カッコ内の数字は、長期優良住宅または低炭素住宅の場合の金額となります。

住宅ローン控除は、まず売主が購入する不動産に消費税の課税が発生しているかどうかがポイントです。

売主が消費税の納税義務のある課税事業者である場合、建物に消費税が発生します。

消費税が発生する場合には、控除対象借入限度額が4,000万円(または長期優良住宅等なが5,000万円)となります。

一方で、中古住宅など個人が売主の場合、消費税は発生しません。

すると、控除対象借入限度額が2,000万円(または長期優良住宅等なが3,000万円)となります。

控除率は1%ですので、控除対象借入限度額を5,000万円とすると最大で年間50万円を節税することができます。

中古住宅の購入では、個人が売主だと、控除対象借入限度額が小さくなり、節税できる控除額も小さくなります。

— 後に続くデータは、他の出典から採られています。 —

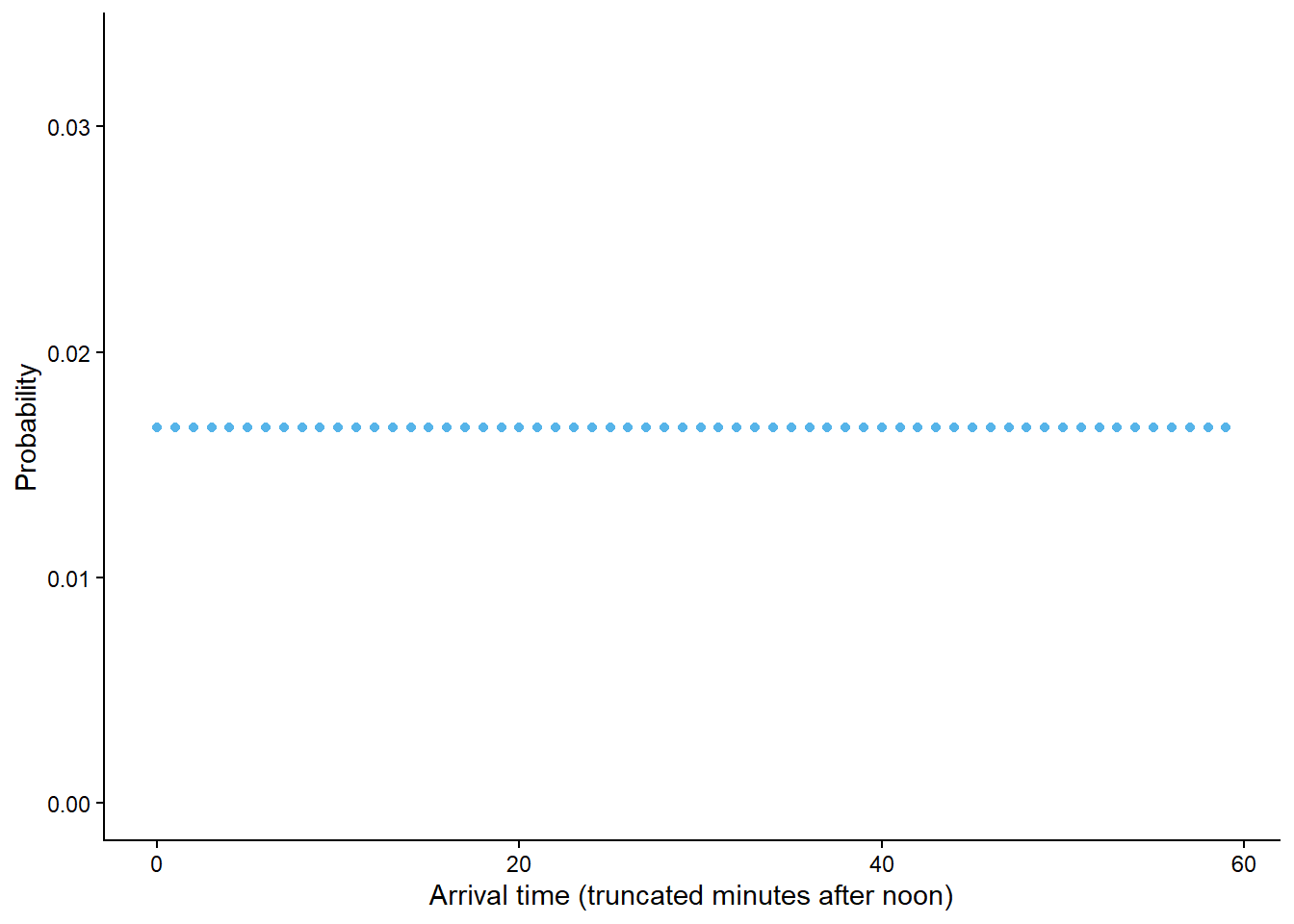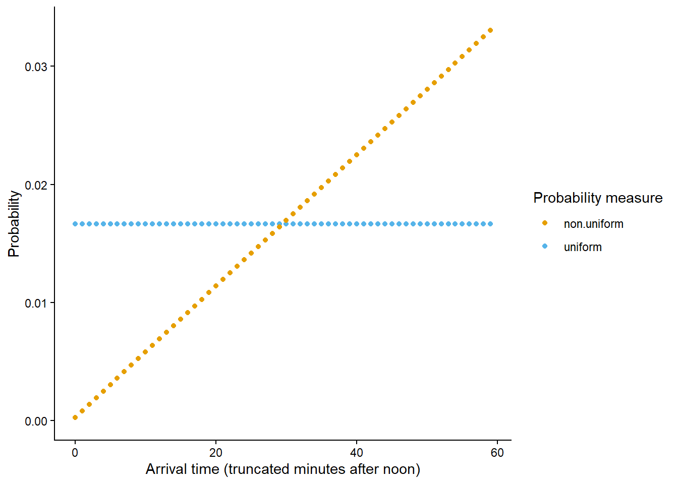 In the previous example, outcomes were measured on a continuous scale; any real number between 0 and 60 was a possible arrival time. In practice we might round the arrival time to the nearest minute or second, but in principle and with infinite precision any real number in the continuous interval \([0, 60]\) is possible.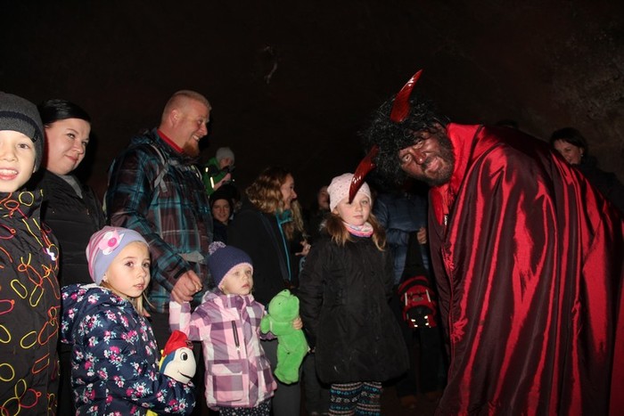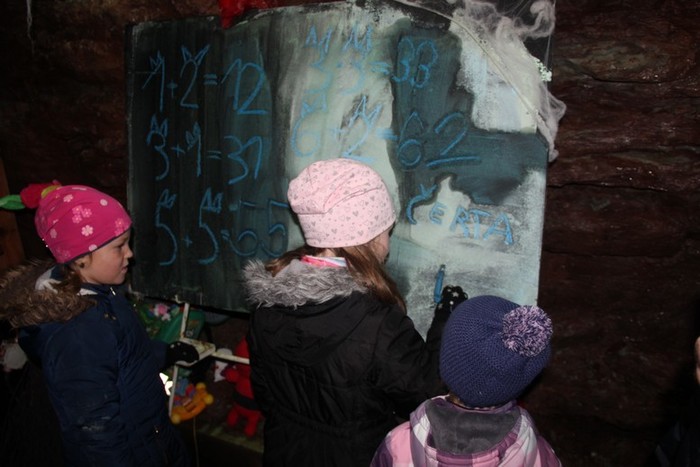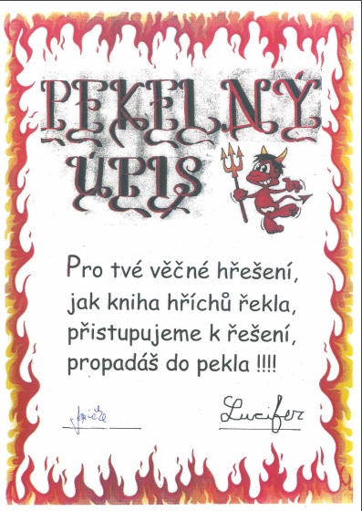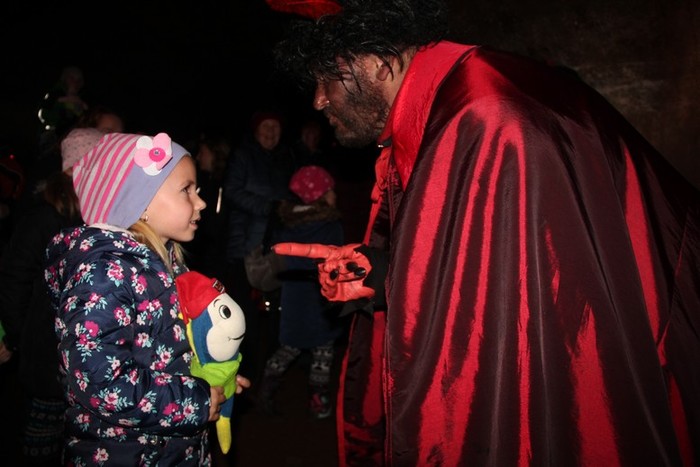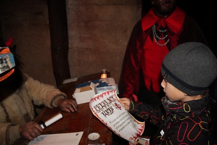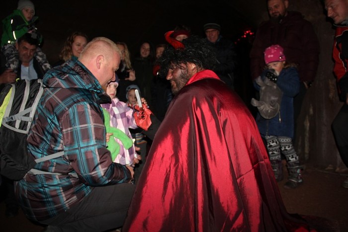 V sobotu ráno 2.11. 2019 jsme vyrazili autobusem na výlet do Pekla, které se nachází v Jívce v dole Bohumír. Cesta byla veselá a všichni byli natěšení a zvědaví, co je čeká. Jelikož jsme byla velká skupina, byli jsme rozděleni na dvě party, které se šli na peklo podívat. Druhá skupinka si zpříjemnila čekání v připraveném stanu, kde si děti mohly zatlouct pekelné hřebíky, vyšít si obrázek pekelnou nití, nebo si přišít pekelný knoflík. Ve stanu bylo přichystané i občerstvení. Čaj nebo svařák na zahřátí a párek v rohlíku na zahnání pekelného hladu. Nastal čas na prohlídku, postavili jsme se před vchod do dolu a s pomocí čertice jsme si zavolali čert Barnabáše, který nám dělal průvodce až k samému pánu pekel Luciferovi. Nejprve jsme museli vzbudit vrátného čerta, aby nám otevřel Pekelnou bránu. První zastávka byla v Pekelné nemocnici, kde čertice doktorka dětem změřila chlupoměrem a blechoměrem, jestli mají dost hustou srst a kolik mají blech :-) Na obrázcích jim zkontrolovala zrak a za odměnu dostaly balíček s náplastí, aby si zalepily pusy a nevzbudily Lucifera. Další zastávka byla v pokojíčku malého čerta, který tam měl veliký nepořádek a nespočítaný domácí úkol. Naše děti mu pokojíček pomohly uklidit a pomohly mu i vypočítat úkol. Za odměnu si mohly vybrat plyšáka z veliké truhly. A pak už vedla cesta k Luciferovi. Ten, při pohledu na naše děti, poprosil čertici Muribanu, aby se podívala do knihy hříchů, jestli jsou mezi nimi nějací hříšníci. Nějaké hříchy se našly a děti Luciferovi slíbily, že se polepší. Někdo měl větší hřích a musel na pekelnou váhu. Ve druhé skupině byli hříšníci dva, Matyáš K. a naše paní starostka Jana K. Oba dva dostali pekelný úpis, který podepsali pekelným perem a stvrdili otiskem svého palce a slíbili, že své hříchy napraví do 5.prosince. Poté propadnou peklu. Výlet se všem moc líbil. Už se těšíme na nějaký další.

住宅ローン控除を考慮すれば、売主が課税事業者である不動産会社の物件を購入した方が得となるのです。

以上、ここまで控除される金額について見てきました。

では、控除される金額はどのように計算されるのでしょうか。

そこで次に、計算の具体例について解説いたします。

3.住宅ローン控除の計算の具体例

消費税は8%として、課税事業者から住宅を購入した場合の住宅ローン控除の計算の具体例を2つのパターンで示します。

Aさんの諸条件を以下のように仮定します。

  1. 家族構成:夫婦と子供1人
  2. 住宅借入金の年末残高:2,000万円
  3. 年収:400万円
  4. 所得控除額:148万円
  5. 課税総所得金額:118万円
  6. ローン控除前の所得税額:59,000円

住宅ローンの控除額は以下のようになります。

Aさんの住宅ローン控除額

最初に所得税の住宅ローン控除額を計算します。

2,000万円 × 1% = 20万円 > 59,000円(ローン控除前の所得税額)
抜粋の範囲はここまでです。